Reprinted with permission, IEEE Computer, Vol. 26, No. 7, July 1993, pp. 18-41.
Manufacturer, government, and user response. On February 3, 1987, after interaction with the FDA and others, including the user group, AECL announced to its customers
The second item, a hardware single-pulse shutdown circuit, essentially acts as a hardware interlock to prevent overdosing by detecting an unsafe level of radiation and halting beam output after one pulse of high energy and current. This provides an independent safety mechanism to protect against a wide range of potential hardware failures and software errors. The turntable potentiometer was the safety device recommended by several groups, including the CRPB, after the Hamilton accident.
After the second Yakima accident, the FDA became concerned that the use of the Therac-25 during the CAP process, even with AECL's interim operating instructions, involved too much risk to patients.

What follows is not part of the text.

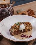 Классика в идеальной подаче — блины с говяжьим языком и грибным соусом, сырники со сметаной и, конечно, домашние десерты: торт «Медовик», «Наполеон» и чизкейк «Сан Себастьян» с ягодным конфи.

The FDA concluded that the accidents had demonstrated that the software alone cannot be replied upon to assure safe operation of the machine. In a February 18, 1987 internal FDA memorandum, the director of the Division of Radiological Products wrote the following:
It is impossible for CDRH to find all potential failure modes and conditions of the software. AECL has indicated the "simple software fix" will correct the turntable position problem displayed at Yakima. We have not yet had the opportunity to evaluate that modification. Even if it does, based upon past history, I am not convinced that there are not other software glitches that could result in serious injury.
For example, we are aware that AECL issued a user's bulletin January 21 reminding users of the proper procedure to follow if editing of prescription parameter is desired after entering the "B" (beam on) code but before the CR [carriage return] is pressed. It seems that the normal edit keys (down arrow, right arrow, or line feed) will be interpreted as a CR and initiate exposure. One must use either the backspace or left arrow key to edit.

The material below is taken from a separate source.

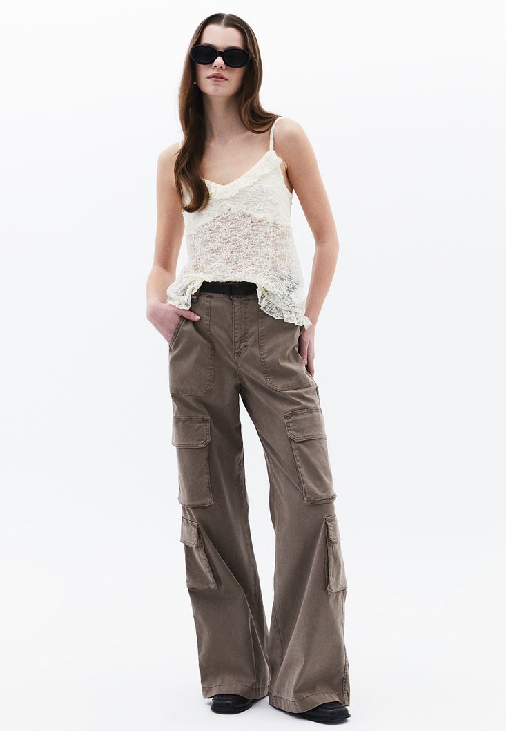Dantelli bluz, modleli fırfır detayları ve dantel işlemeleriyle romantik bir hava yaratıyor. V yaka tasarımı ve kolsuz formu, feminen bir duruş sergilerken yumuşak kumaşıyla gün boyu konfor sağlar. Dantel bluz modelini; jean pantolonlar veya eteklerle kombinleyerek hem günlük hem de özel davetlerde stilinizi ön plana çıkarabilirsiniz.​

We are also aware that if the dose entered into the prescription tables is below some preset value, the system will default to a phantom table value unbeknownst to the operator. This problem is supposedly being addressed in proposed interim revision 7A, although we are unaware of the details.

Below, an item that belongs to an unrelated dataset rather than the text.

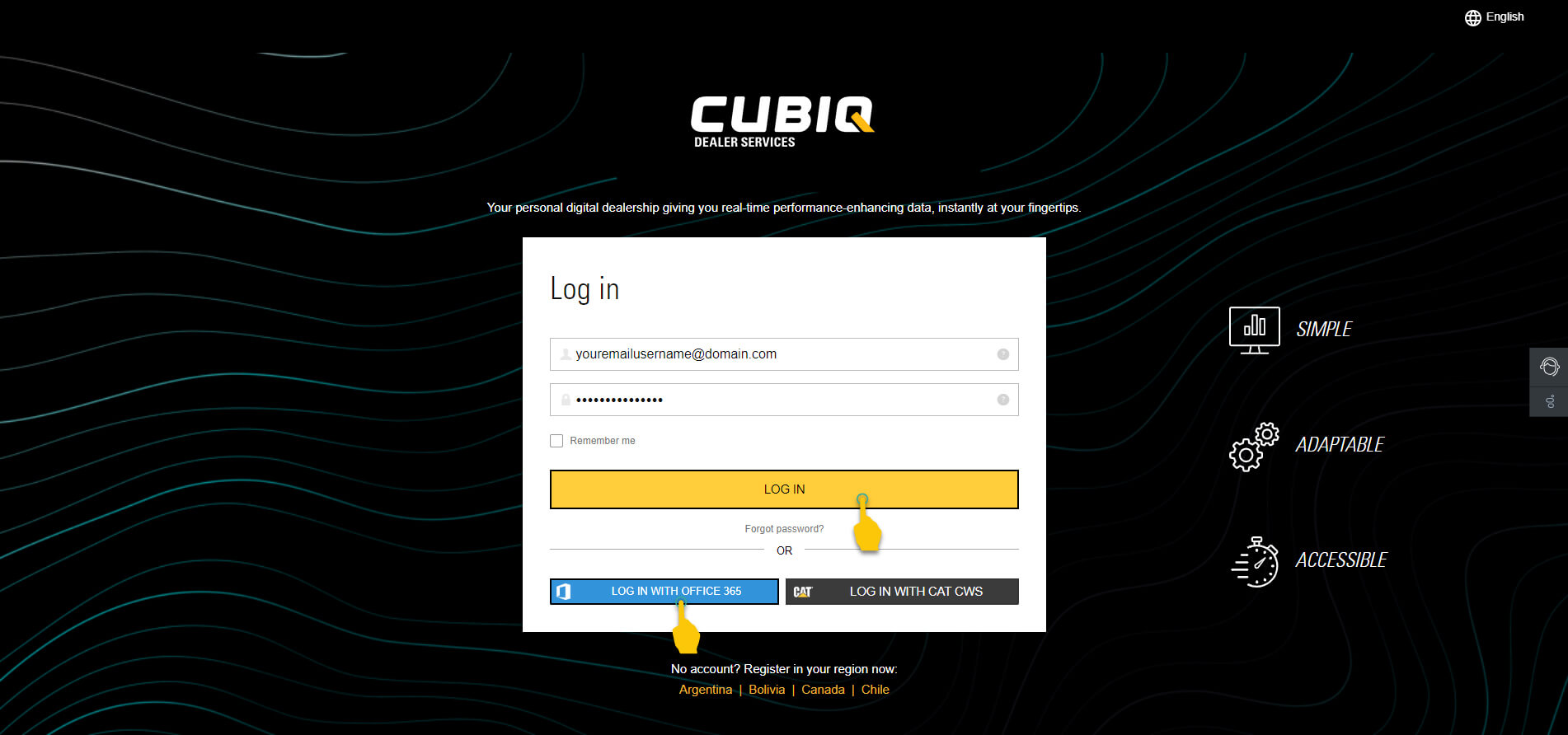 Now that your CWS ID is linked to your CUBIQ account, the next time you log in to the CUBIQ platform, simply click the "Log in with Cat CWS" button to login and put Finning at your fingertips.

We are in the position of saying that the proposed CAP can reasonably be expected to correct the deficiencies for which they were developed (Tyler). We cannot say that we are [reasonably] confident about the safety of the entire system to prevent or minimize exposure from other fault conditions.
On February 6, 1987, Miller of the FDA called Pavel Dvorak of Canada's Health and Welfare to advise him that the FDA would recommend all Therac-25s be shut down until permanent modifications could be made. According to Miller's notes on the phone call, Dvorak agreed and indicated that they would coordinate their actions with the FDA.
On February 10, 1987, the FDA gave a Notice of Adverse Findings to AECL declaring the Therac-25 to be defective under US law. In part, the letter to AECL reads:
In January 1987, CDRH was advised of another accidental radiation occurrence in Yakima, which was attributed to a second software defect related to the "Set" command. In addition, the CDRH has become aware of at least two other software features that provide potential for unnecessary or inadvertent patient exposure. One of these is related to the method of editing the prescription after the "B" command is entered and the other is the calling of phantom tables when low doses are prescribed.
Further review of the circumstances surrounding the accidental radiation occurrences and the potential for other such incidents has led us to conclude that in addition to the items in your proposed corrective action plan, hardware interlocking of the turntable to insure its proper position prior to beam activation appears to be necessary to enhance system safety and to correct the Therac-25 defect. Therefore, the corrective action plan as currently proposed is insufficient and must be amended to include turntable interlocking and corrections for the three software problems mentioned above.
Without these corrections, CDRH has concluded that the consequences of the defects represents a significant potential risk of serious injury even if the Therac-25 is operated in accordance with your interim operating instructions. CDRH, therefore, requests that AECL immediately notify all purchasers and recommend that use of the device on patients for routine therapy be discontinued until such time that an amended corrective action plan approved by CDRH is fully completed. You may also advise purchasers that if the need for an individual patient treatment outweighs the potential risk, then extreme caution and strict adherence to operating safety procedures must be exercised.
At the same time, the Health Protection Branch of the Canadian government instructed AECL to recommend to all users in Canada that they discontinue the operation of the Therac-25 until "the company can complete an exhaustive analysis of the design and operation of the safety systems employed for patient and operator protection." AECL was told that the letter to the users should include information on how the users can operate the equipment safely in the event that they must continue with patient treatment. If AECL could not provide information that would guarantee safe operation of the equipment, AECL was requested to inform the users that they cannot operate the equipment safely. AECL complied by letters dated February 20, 1987, to Therac-25 purchasers. This recommendation to discontinue use of the Therac-25 was to last until August 1987.
On March 5, 1987, AECL issued CAP Revision 3, which was a CAP for both the Tyler and Yakima accidents. It contained a few additions to the Revision 2 modifications, notably
In their response on April 9, the FDA noted that in the appendix under "turntable position interlock circuit" the descriptions were wrong. AECL had indicated "high" signals where "low" signals were called for and vice versa. The FDA also questioned the reliability of the turntable potentiometer design and asked whether the backspace key could still act as a carriage return in the edit mode. They requested a detailed description of the software portion of the single-pulse shutdown and a block diagram to demonstrate the PRF (pulse repetition frequency) generator, modulator, and associated interlocks.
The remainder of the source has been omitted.